The problem.
Range to copy from the entries below: the line containing "(서울=연합뉴스) 문다영 기자" through the line containing "Wall mural : Ux", inclusive. Retype only those lines, exactly, without any images.

Records for this task.
• • • • • • •
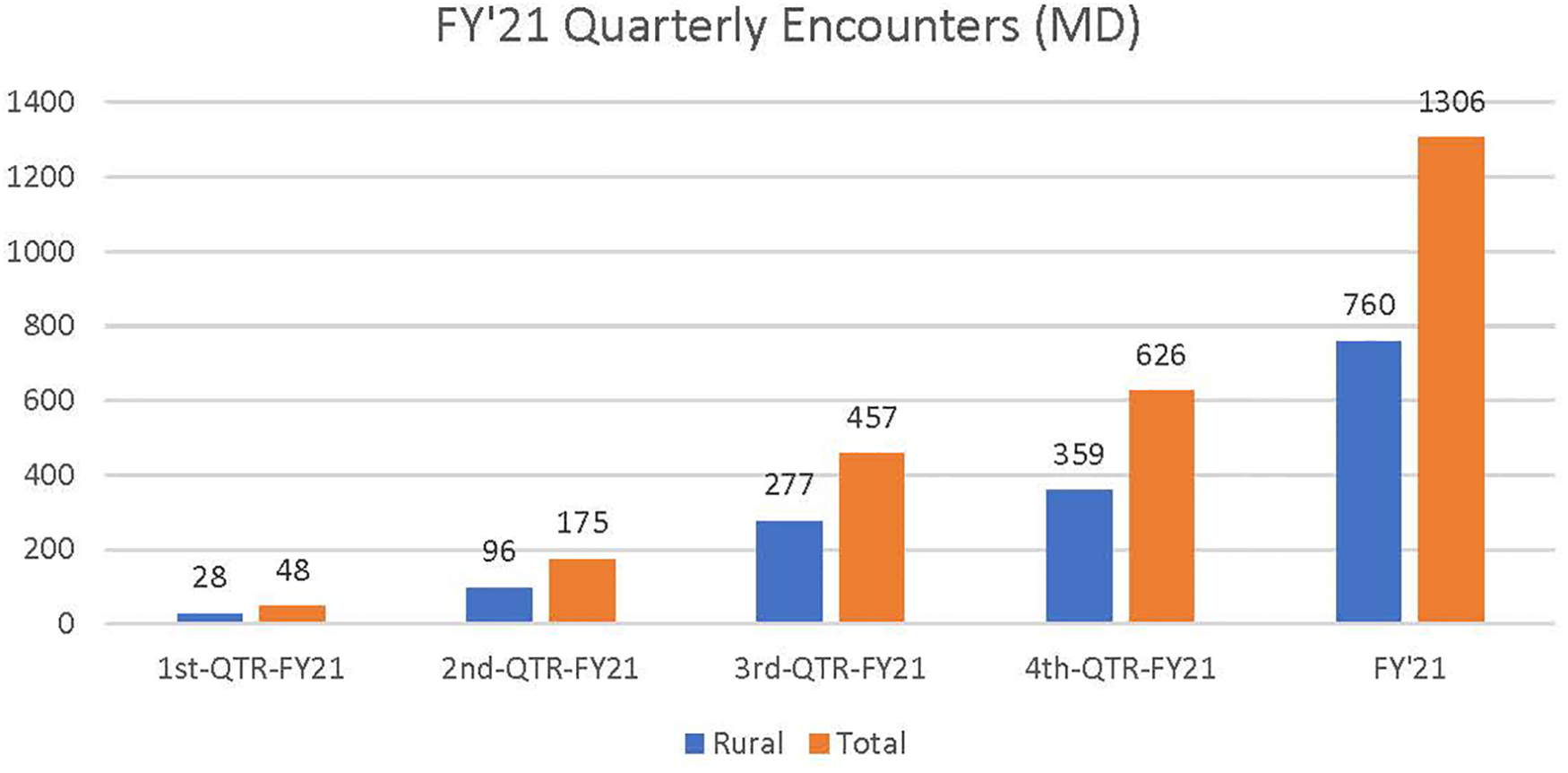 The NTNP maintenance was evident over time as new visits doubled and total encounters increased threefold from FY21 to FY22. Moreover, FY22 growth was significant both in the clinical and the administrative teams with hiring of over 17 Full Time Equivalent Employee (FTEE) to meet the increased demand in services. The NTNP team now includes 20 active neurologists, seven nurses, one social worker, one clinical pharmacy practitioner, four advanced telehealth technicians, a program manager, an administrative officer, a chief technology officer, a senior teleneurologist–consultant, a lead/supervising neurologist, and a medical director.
• • • • • • •
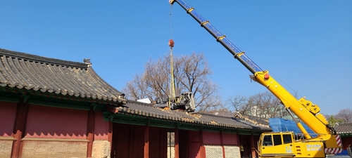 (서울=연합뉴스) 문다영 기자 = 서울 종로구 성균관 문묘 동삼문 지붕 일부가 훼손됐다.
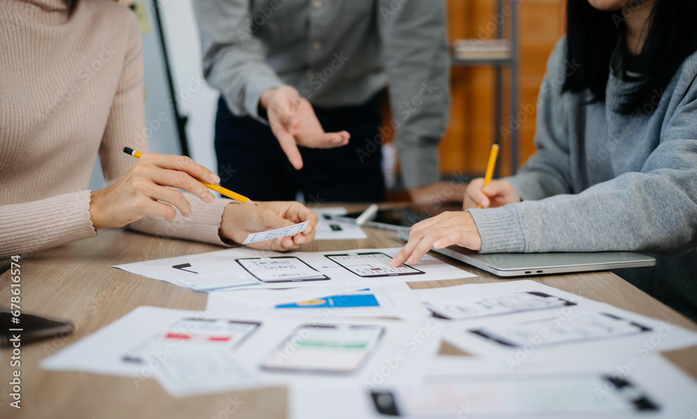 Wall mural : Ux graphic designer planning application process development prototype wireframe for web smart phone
• • • • • • •
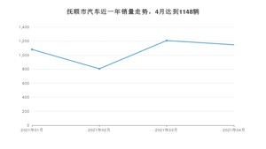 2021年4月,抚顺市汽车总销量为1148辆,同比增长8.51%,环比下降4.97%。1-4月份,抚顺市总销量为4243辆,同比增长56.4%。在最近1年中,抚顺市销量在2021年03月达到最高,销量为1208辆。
• • • • • • •
Answer.
 (서울=연합뉴스) 문다영 기자 = 서울 종로구 성균관 문묘 동삼문 지붕 일부가 훼손됐다.
 Wall mural : Ux graphic designer planning application process development prototype wireframe for web smart phone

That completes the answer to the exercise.